‘No public beds for private patients’

Private hospitals can alleviate the huge pressure on public hospitals by taking their private patients.

‘No public beds for private patients’

The transfer of patients with private health insurance is a key consideration in the Oireachtas Committee on the Future of Healthcare’s blueprint for the health service over the next decade. The blueprint is to be published shortly.

With 650,000 people on waiting lists for hospital services, the committee is looking for ways to free up public beds. The chair of the committee, Roisin Shorthall, confirmed that the transfer of patients to private facilities was being examined.

“Over recent years, private income targets have been set for public hospitals and this incentivises taking in private patients and that happens at the expense of public patients,” she said.

Ms Shorthall said that the transfer would be a loss of private income for the public hospitals, but she said it was more important that there be a high-quality public health system accessible by patients in a timely manner.

The committee’s report is to be finalised over the coming days and should be published before the end of this month.

Simon Nugent, chief executive of the Private Hospitals Association, said it makes sense to take patients with private health insurance out of the public system.

“This initiative could be implemented very quickly,” he said.

“The transfer of patients could commence in the first year of a new strategy, rather than waiting until year two, as suggested by the committee.”

“Private hospitals have the cutting-edge diagnostics, beds, personnel at consultant level, and the outcomes to justify such a move. We make approximately one million bed nights available to the Irish healthcare system each year and employ over 8,100 healthcare professionals across Ireland.”

He said a growing capacity, and range of specialities, in the private system contrasted with its public counterpart.

“The public system has fewer beds than it did in 1980 and this initiative could free up much-needed beds to help treat public patients,” said Mr Nugent.

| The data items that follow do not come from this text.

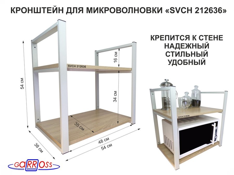 В корзину Купить в 1 клик Кронштейн для микроволновки, 54 см, серый "SVCH 212636" две полки 35х54 см, дуб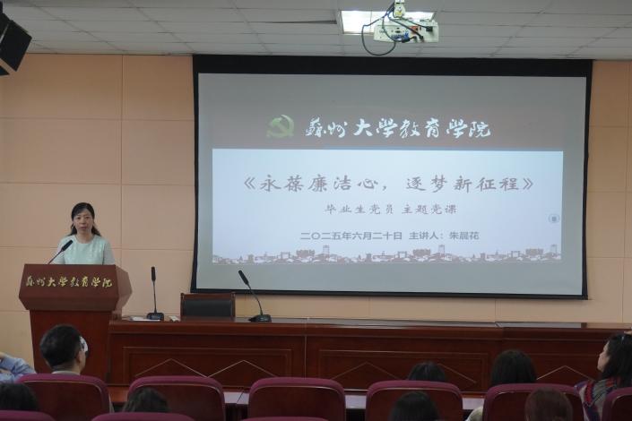 为进一步增强毕业生党员的党性修养和廉洁意识,引导他们在新的人生征程上坚守初心、勇担使命,6月20日下午,苏州大学教育学院召开了“清风启航,逐梦山海”毕业生党员大会。教育学院党建办公室全体成员、全体毕业生党员参加了本次大会,会议由本科生辅导员苏兴亚主持。
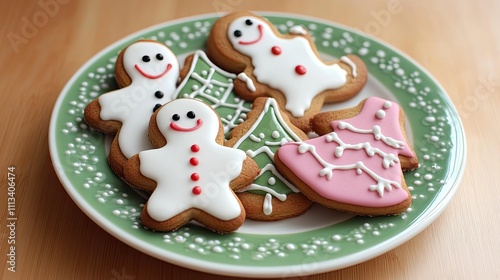 Obraz premium Colorful Christmas Gingerbread Cookies on Festive Plate

“This would be a significant step in disentangling our mixed systems and helping patients access treatment quickly.”

“The process of healthcare reform can also help establish a level playing field between the private and public systems. We believe the current strategy of double-charging private patients for beds in public hospitals, and charging private patients 10 times the public rate, is a flawed one.

"This undermines confidence in the value of private health insurance and directly raises premiums. Such increases trigger a downgrading of policies, shifting demand back towards public hospitals.”

Mr Nugent said private health care providers would be willing to invest in additional beds and operating theatres, if there was certainty that more privately insured patients would be referred to them.

“The mid-term review of the Government’s Capital Plan offers an opportunity to stimulate more private sector investment, as well as public capital in health infrastructure,” he said.